Question

Consider the system of linear equations\[ \begin{cases}x + y + t = 4, \\2x - 4t = 7, \\x + y + z = 5, \\x - 3y - z - 10t = \lambda,\end{cases}\]where \( x, y, z, t \) are variables and \( \lambda \) is a constant. Then which one of the following is true?

• A. If \( \lambda = 1 \), then the system has a unique solution.
• B. If \( \lambda = 2 \), then the system has infinitely many solutions.
• C. If \( \lambda = 1 \), then the system has infinitely many solutions.
• D. If \( \lambda = 2 \), then the system has a unique solution.

Answer 1

The Correct Option is C

We need to analyze the system of linear equations given below and determine for which value of \( \lambda \) the system has infinitely many solutions:

\(\begin{cases} x + y + t = 4, \\ 2x - 4t = 7, \\ x + y + z = 5, \\ x - 3y - z - 10t = \lambda, \end{cases}\)

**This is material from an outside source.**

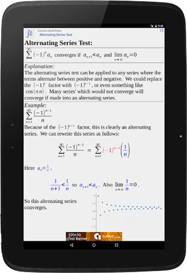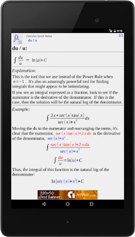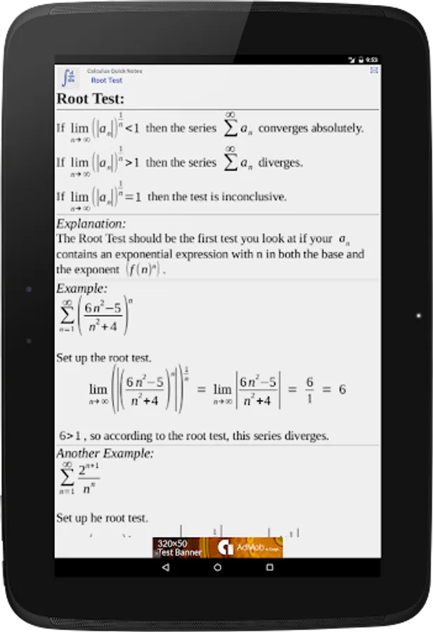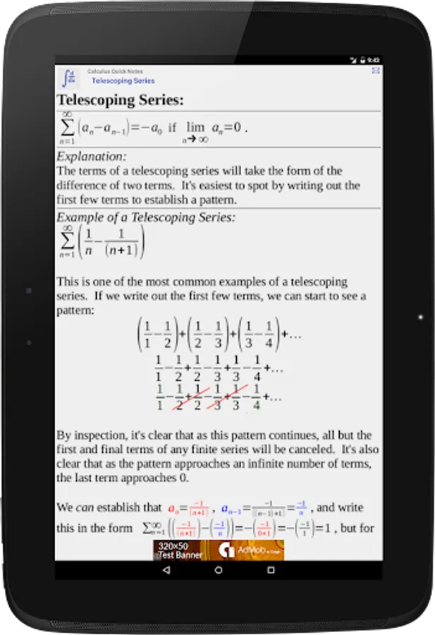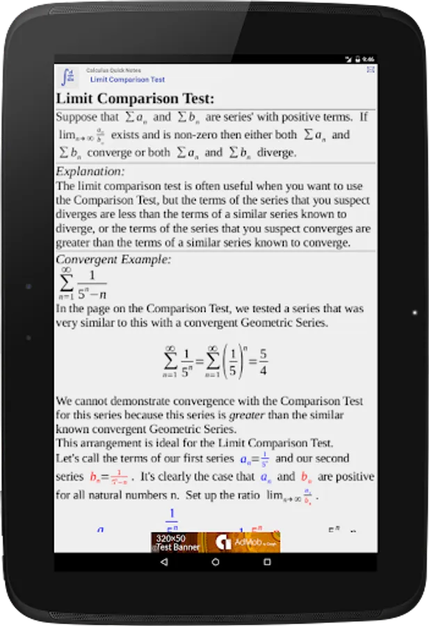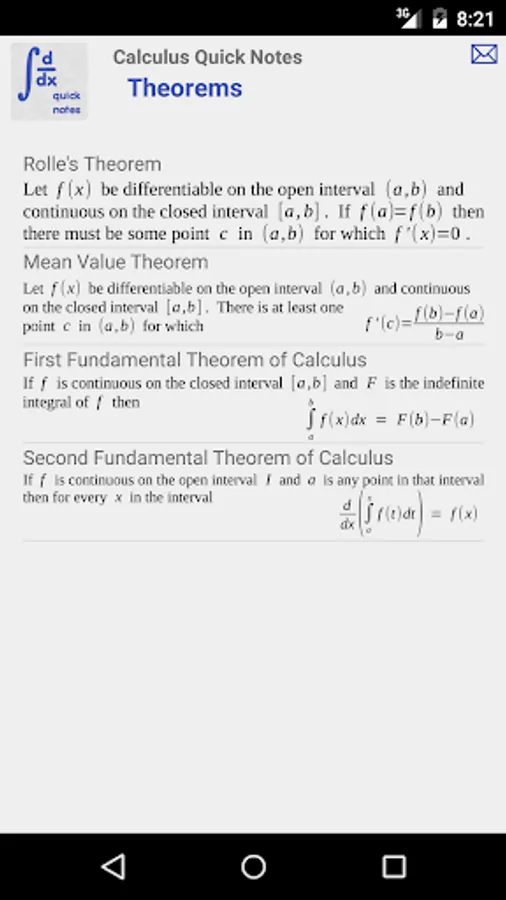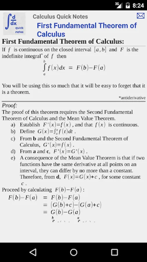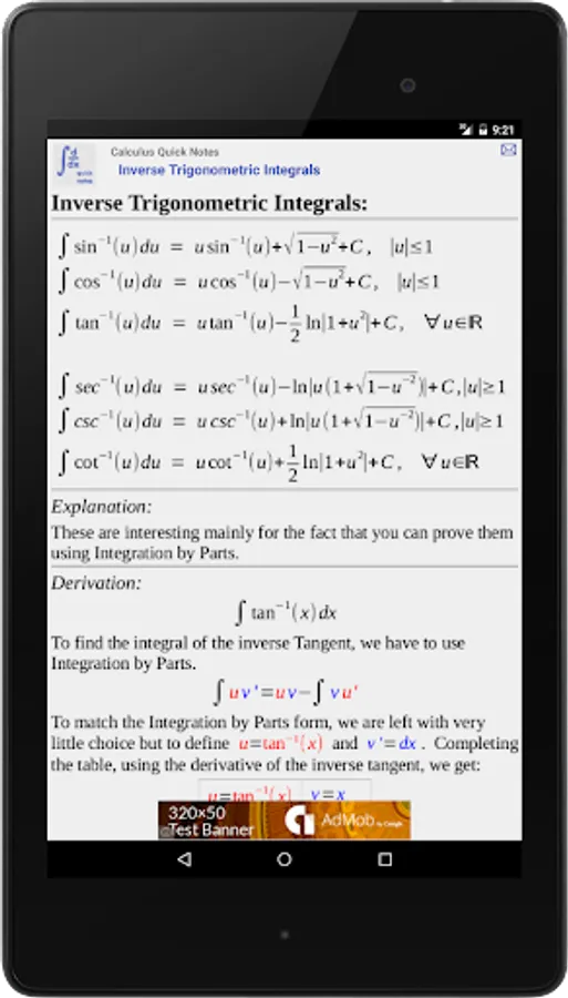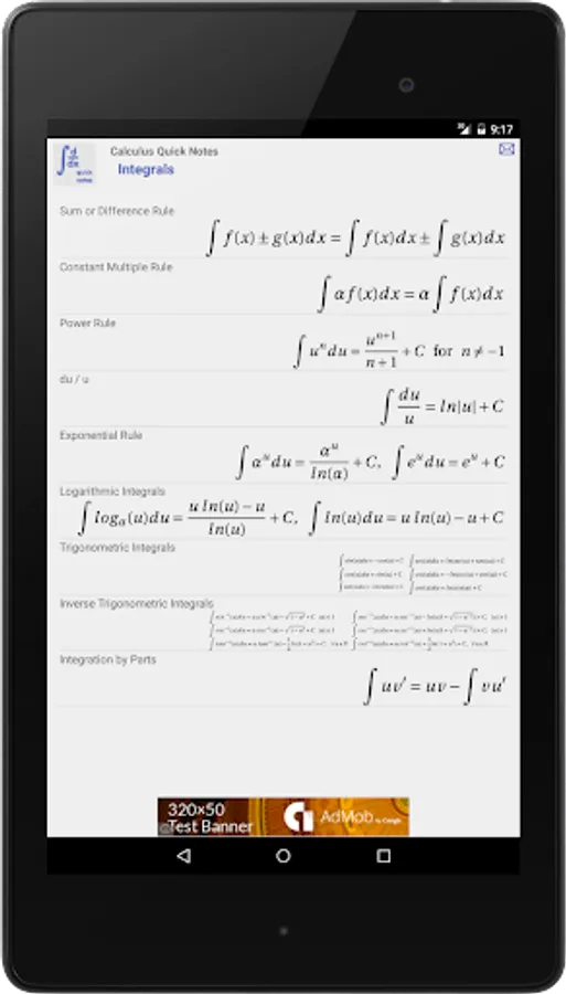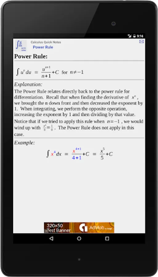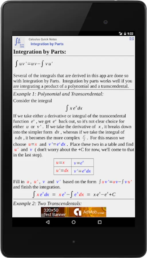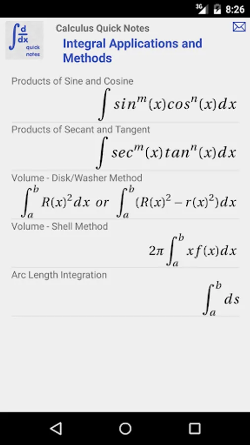 This app is updated regularly with new material. It has the most complete and useful coverage of any calculus reference app on the android market. It also includes a means to quickly email the creators from within the app with questions, suggestions or corrections.

To begin, let's rewrite these equations for clarity:

1. The first equation is: \(x + y + t = 4\).
2. The second equation is: \(2x - 4t = 7\).
3. The third equation is: \(x + y + z = 5\).
4. The fourth equation is: \(x - 3y - z - 10t = \lambda\).

We observe that equations (3) and (4) both contain the variable \( z \), so let's start by eliminating it.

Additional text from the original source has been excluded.